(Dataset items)
____
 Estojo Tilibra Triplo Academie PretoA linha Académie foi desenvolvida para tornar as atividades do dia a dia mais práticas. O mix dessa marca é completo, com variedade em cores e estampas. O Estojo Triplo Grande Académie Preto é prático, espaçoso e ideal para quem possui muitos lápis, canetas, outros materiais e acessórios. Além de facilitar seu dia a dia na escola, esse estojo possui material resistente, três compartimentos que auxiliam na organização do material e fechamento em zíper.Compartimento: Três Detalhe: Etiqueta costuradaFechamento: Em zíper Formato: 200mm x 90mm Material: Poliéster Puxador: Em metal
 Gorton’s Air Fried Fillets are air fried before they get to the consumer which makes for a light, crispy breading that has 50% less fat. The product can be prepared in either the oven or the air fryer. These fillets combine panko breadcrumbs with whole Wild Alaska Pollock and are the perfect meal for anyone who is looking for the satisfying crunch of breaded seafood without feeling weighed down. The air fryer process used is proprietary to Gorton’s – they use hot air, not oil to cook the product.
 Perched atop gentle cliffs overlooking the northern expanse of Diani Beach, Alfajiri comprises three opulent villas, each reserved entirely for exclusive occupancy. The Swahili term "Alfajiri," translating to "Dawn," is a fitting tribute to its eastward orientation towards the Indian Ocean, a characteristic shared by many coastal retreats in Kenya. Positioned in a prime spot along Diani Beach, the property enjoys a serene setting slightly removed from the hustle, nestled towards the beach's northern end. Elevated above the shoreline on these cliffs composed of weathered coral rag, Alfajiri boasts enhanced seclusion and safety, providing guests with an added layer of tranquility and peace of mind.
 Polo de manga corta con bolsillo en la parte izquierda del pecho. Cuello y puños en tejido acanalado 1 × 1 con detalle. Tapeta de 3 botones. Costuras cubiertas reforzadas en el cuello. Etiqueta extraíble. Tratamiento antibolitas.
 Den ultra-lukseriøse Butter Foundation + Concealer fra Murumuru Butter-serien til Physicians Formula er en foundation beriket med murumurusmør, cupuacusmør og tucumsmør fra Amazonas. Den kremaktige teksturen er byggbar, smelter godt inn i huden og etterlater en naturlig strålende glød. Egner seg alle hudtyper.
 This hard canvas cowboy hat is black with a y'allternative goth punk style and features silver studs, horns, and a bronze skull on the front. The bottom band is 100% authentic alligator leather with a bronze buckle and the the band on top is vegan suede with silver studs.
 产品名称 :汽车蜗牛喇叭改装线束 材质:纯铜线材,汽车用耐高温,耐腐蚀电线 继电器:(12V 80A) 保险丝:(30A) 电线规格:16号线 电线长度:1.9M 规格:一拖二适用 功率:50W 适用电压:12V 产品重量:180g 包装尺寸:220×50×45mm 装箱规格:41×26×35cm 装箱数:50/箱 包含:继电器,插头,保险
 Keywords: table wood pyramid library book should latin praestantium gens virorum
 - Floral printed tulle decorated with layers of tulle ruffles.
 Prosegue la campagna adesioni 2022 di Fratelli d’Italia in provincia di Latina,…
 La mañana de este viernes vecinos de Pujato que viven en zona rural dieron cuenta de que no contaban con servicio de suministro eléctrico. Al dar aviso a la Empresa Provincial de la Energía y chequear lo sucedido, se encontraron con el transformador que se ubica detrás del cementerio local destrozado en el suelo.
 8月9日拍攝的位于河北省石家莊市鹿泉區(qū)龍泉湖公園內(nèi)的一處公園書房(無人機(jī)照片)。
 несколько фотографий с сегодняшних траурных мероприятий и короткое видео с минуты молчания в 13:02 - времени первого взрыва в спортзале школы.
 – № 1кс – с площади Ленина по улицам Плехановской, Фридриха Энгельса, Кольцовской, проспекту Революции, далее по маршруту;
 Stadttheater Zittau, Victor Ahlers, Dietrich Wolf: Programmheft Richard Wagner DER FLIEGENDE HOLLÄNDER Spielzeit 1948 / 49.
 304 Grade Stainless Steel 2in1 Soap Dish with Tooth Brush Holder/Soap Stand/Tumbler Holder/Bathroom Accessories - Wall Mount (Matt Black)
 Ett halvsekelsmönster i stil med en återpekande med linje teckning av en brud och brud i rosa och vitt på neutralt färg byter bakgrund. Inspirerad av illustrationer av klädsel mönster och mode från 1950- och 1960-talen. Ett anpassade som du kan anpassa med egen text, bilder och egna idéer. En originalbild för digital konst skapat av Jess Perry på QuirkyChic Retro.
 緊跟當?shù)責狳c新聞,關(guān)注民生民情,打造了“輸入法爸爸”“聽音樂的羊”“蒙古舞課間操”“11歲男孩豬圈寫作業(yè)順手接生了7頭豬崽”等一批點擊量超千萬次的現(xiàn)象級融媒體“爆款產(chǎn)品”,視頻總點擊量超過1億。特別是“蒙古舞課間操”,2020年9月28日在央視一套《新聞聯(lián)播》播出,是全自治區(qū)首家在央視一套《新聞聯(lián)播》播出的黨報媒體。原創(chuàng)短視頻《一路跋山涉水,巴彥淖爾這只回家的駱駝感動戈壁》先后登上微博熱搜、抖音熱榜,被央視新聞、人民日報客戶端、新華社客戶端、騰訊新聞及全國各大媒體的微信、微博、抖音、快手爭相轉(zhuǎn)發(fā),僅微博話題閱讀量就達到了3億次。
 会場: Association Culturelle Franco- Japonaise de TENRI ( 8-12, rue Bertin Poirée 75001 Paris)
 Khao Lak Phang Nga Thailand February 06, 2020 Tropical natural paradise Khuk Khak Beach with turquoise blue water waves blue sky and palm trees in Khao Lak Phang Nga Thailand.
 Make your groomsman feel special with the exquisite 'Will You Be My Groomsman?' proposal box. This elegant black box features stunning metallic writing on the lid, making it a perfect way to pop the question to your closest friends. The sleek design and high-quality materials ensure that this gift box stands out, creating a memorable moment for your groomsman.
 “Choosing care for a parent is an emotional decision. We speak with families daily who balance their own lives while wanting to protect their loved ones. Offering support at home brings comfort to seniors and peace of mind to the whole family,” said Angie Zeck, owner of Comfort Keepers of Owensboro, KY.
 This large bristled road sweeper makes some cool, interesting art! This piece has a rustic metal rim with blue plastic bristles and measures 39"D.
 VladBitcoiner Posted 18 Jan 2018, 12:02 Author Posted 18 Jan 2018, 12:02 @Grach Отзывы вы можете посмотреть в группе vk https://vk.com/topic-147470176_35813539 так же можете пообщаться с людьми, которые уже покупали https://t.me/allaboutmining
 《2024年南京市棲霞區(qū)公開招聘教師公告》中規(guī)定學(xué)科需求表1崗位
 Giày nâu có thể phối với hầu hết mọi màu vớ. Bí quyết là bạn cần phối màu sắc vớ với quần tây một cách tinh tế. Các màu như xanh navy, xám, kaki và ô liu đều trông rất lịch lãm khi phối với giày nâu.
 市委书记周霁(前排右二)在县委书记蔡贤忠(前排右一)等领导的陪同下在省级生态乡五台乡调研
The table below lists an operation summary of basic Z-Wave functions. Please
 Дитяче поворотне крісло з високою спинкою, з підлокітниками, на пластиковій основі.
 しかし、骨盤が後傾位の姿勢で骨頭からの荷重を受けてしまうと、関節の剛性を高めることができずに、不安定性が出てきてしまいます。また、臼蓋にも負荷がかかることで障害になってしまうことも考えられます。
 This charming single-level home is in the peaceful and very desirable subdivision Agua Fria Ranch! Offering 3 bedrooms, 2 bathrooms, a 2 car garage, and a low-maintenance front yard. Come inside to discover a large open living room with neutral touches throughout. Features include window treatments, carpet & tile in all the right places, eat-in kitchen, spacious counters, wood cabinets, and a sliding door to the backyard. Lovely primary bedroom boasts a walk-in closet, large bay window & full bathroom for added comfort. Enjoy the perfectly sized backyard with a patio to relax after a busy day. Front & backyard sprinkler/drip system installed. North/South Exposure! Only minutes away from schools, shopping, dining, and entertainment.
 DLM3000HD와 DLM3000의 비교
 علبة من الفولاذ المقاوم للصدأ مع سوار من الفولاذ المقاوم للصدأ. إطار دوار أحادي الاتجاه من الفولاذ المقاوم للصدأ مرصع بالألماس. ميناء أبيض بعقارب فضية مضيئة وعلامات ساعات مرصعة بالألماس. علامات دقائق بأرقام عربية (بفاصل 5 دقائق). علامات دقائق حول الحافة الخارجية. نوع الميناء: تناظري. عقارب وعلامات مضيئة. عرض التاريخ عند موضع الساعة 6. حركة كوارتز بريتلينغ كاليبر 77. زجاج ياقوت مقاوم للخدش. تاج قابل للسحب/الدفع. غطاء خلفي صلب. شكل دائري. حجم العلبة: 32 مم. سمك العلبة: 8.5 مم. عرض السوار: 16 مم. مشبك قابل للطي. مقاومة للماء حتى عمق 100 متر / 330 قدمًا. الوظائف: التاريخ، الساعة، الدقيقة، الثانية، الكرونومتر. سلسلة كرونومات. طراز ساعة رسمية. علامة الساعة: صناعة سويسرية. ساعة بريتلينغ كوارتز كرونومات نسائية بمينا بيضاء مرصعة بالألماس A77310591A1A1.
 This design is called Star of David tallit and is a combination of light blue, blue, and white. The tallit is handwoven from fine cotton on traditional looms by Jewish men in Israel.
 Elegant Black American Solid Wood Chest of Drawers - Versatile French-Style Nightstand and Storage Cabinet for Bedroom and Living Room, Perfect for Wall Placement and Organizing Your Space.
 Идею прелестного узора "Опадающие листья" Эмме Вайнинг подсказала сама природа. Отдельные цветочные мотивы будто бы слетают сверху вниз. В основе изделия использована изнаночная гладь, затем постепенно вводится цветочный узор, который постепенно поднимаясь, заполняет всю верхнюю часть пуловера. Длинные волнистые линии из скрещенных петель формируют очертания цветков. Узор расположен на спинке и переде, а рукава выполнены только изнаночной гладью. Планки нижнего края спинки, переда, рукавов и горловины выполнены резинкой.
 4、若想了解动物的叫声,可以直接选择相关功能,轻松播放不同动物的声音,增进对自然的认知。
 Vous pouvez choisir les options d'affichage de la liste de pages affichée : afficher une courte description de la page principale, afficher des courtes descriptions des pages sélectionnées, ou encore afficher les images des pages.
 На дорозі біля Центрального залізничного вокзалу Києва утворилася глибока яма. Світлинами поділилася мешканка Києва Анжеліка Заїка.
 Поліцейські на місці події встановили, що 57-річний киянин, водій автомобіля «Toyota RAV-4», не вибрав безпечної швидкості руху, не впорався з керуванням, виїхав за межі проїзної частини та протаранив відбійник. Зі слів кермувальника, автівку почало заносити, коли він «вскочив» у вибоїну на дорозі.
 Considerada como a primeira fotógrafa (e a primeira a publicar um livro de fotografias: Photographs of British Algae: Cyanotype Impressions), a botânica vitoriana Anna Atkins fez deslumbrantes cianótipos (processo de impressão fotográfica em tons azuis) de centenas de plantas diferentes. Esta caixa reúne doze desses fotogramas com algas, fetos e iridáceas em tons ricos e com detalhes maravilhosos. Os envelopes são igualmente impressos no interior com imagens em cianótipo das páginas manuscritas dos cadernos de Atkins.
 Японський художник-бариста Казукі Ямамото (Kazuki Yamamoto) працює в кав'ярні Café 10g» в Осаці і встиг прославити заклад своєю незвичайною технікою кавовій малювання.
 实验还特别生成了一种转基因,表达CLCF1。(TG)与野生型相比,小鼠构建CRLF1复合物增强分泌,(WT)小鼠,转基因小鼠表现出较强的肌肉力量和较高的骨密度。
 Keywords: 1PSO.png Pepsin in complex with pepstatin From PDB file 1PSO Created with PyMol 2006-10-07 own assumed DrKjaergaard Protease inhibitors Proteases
____
▸ Exercise goal:
Among the lines of the preceding data, which ones hold the word "table"? List them.

▸ Result of this exercise:
 Keywords: table wood pyramid library book should latin praestantium gens virorum
The table below lists an operation summary of basic Z-Wave functions. Please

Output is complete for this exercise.